By \(\overline{\rho}=\rho(\overline{P})\) and \(\rho\) we understand, respectively, the minimal deviation from zero of functions of the class \(\Omega\) on \(\overline{P}\) and on \(I\). Let us now specify that \(\overline{\Phi}\in\Omega\) and \(\overline{P}\in E_{n+2}\) will not here be regarded as fixed, but we shall suppose that the pair \((\overline{\Phi},\overline{P})\) ranges over some set of marked pairs
\[ M=\{(\overline{\Phi},\overline{P})\}\subset[\Omega,E_{n+2}], \]
and let \(\overline{u}\ge u_0>0\), where \(u_0\) is fixed*. Finally, let \(M_1\subset M\) denote some subset of pairs \((\overline{\Phi},\overline{P})\) subject to a condition of the form \(\overline{v}-\overline{u}\ge \gamma>0\), where \(\gamma\) is fixed. Then to the mentioned value \(\gamma\) there can be assigned such a \(\delta=\delta(\gamma)>\)

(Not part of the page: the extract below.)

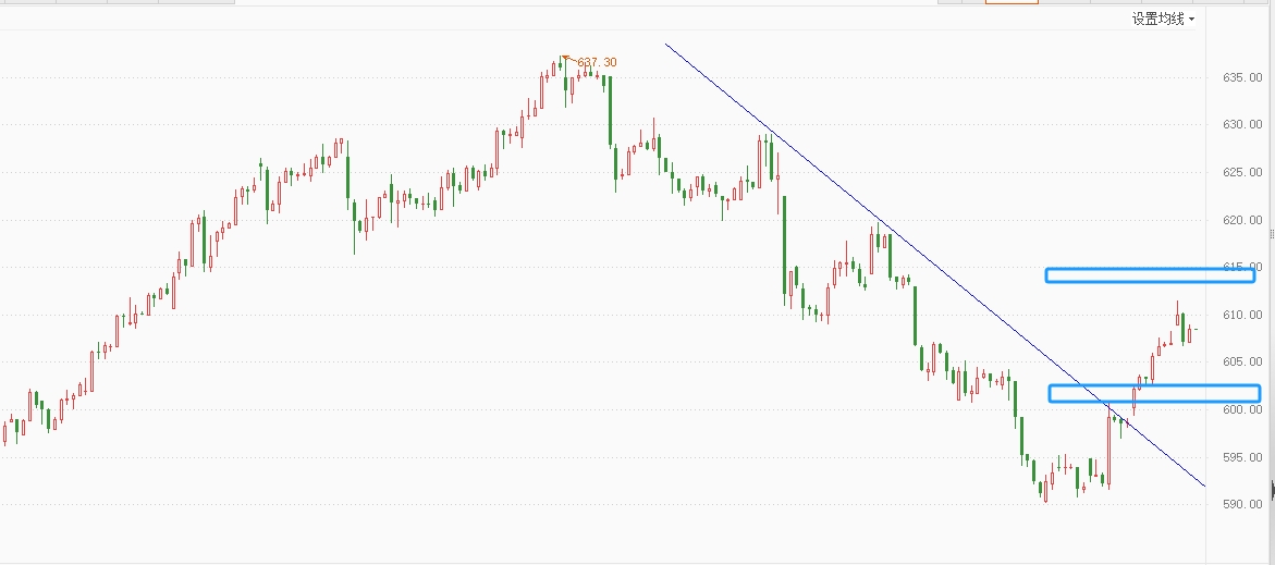 国际黄金日线收小阳线,日线2连阳,涨势趋缓,分时保持上涨结构,由于反弹力度足够,短期仍有可能反复冲高,反弹空间有限,不建议追高,等待反弹后的做空信号。黄金压力:2640-50(613-15),支撑:2610-00(602-00)。

* With sets of pairs of the indicated type \(M\) one has, in particular, to deal in the generalized algorithms of s.Ch.i. that are of interest to us.

\(>0\), that the difference \(\rho-\bar u=\bar\eta\), for \((\bar\Phi,\bar P)\in M_1\), satisfies the inequality \(\bar\eta\ge\delta\).

Proof. Let \(\operatorname{sgn}\left[(-1)^i\bar\Phi(\bar x_i)\right]=v\) \((i=0,\ldots,n+1)\), where the value \(v\), equal to \(+1\) or \(-1\), is determined by the choice of the pair \((\bar\Phi,\bar P)\in M_1\). Then, denoting by \(\widetilde\Phi(x)\) the function of the class \(\Omega\) equioscillating on \(\bar P\), we shall have, for the same value of \(v\),

\[ (-1)^i\widetilde\Phi(\bar x_i)=v\rho=v(\bar u+\bar\eta)\qquad (i=0,\ldots,n+1). \tag{3} \]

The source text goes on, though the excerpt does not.